Further details of the rights offering, the use of proceeds, and the Standby Commitment Agreement are contained in the Company's rights offering circular, which is filed on SEDAR under Kaizen's profile at www.sedar.com.
More information on Kaizen is available at www.kaizendiscovery.com.
President and Chief Executive Officer
Neither the TSX Venture Exchange nor its Regulation Services Provider (as that term is defined in the policies of the TSX Venture Exchange) accepts responsibility for the adequacy or accuracy of this release.
Certain statements in this news release constitute "forward-looking statements" or "forward-looking information" within the meaning of applicable securities laws. Such statements can be identified by the use of words such as "may", "will", "intend", "expect", "plan", "estimate", and other similar terminology, or state that certain actions, events or results "may", "could", "would", "might" or "will" be taken, occur or be achieved. These statements reflect Kaizen's current expectations regarding future events, performance and results and speak only as of the date of this news release. These include, but are not limited to, statements regarding using the net proceeds of the Rights Offering primarily to advance exploration at the Pinaya Copper-Gold Project and to assess and pursue new resource exploration and development opportunities. Such statements are based on a number of key expectations and assumptions made by management of the Company, including, but not limited to: regulatory timings and approvals; the terms of existing contractual commitments; the availability of additional capital; and general economic and financial market conditions.

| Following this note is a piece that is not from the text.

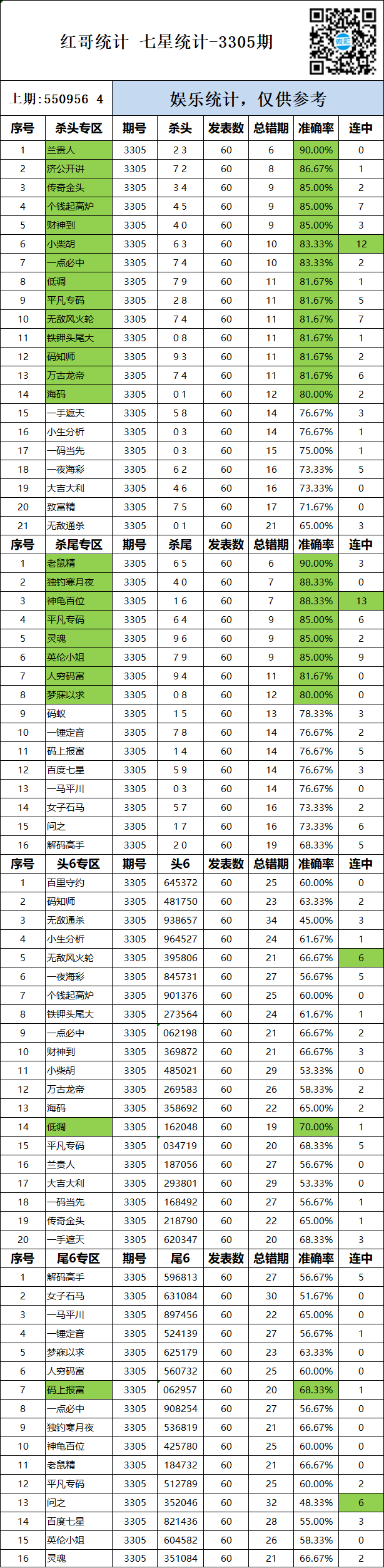 3305期:红哥统计 发表于:2026-02-25 16:30:31 浏览次数:387 上一篇:3305期:二爹统计 下一篇:3305期:二爹统计 【脚踏实地】 范围码15红11 点播26064期 【圣斗士】 范围码15红10 点播26064期 【徐艾艾】 范围码15红10 点播26064期 排列五杀码荣誉榜

Although the Company believes that the expectations and assumptions on which the forward-looking statements are based are reasonable, undue reliance should not be placed on such forward-looking statements. The forward-looking statements reflect the Company's current views with respect to future events based on currently available information and are inherently subject to risks and uncertainties. Many factors, both known and unknown, could cause actual results, performance or achievements to be materially different from the results, performance or achievements that are or may be expressed or implied by such forward-looking statements contained in this news release, including, but not limited to the impact of the issuance of additional Common Shares on the market price of the Common Shares; the condition of the global economy; various factors that impact the Company's exploration activities; changes to existing contractual commitments; and the Company's access to future funding and unforeseen changes to its working capital requirements.

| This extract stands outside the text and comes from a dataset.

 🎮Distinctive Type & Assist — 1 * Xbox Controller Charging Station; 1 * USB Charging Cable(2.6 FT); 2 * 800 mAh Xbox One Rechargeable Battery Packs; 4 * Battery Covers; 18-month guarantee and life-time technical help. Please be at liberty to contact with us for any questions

Should one or more of these risks or uncertainties materialize, or should underlying assumptions prove incorrect, actual results may vary materially from those anticipated, believed, estimated or expected. The Company cautions readers not to place undue reliance on any such forward-looking statements. Although the Company has attempted to identify important factors that could cause actual results to differ materially from forward-looking statements, there may be other factors that cause results not to be as anticipated, estimated, described or intended. The Company will not update any forward-looking statements unless required by applicable securities law.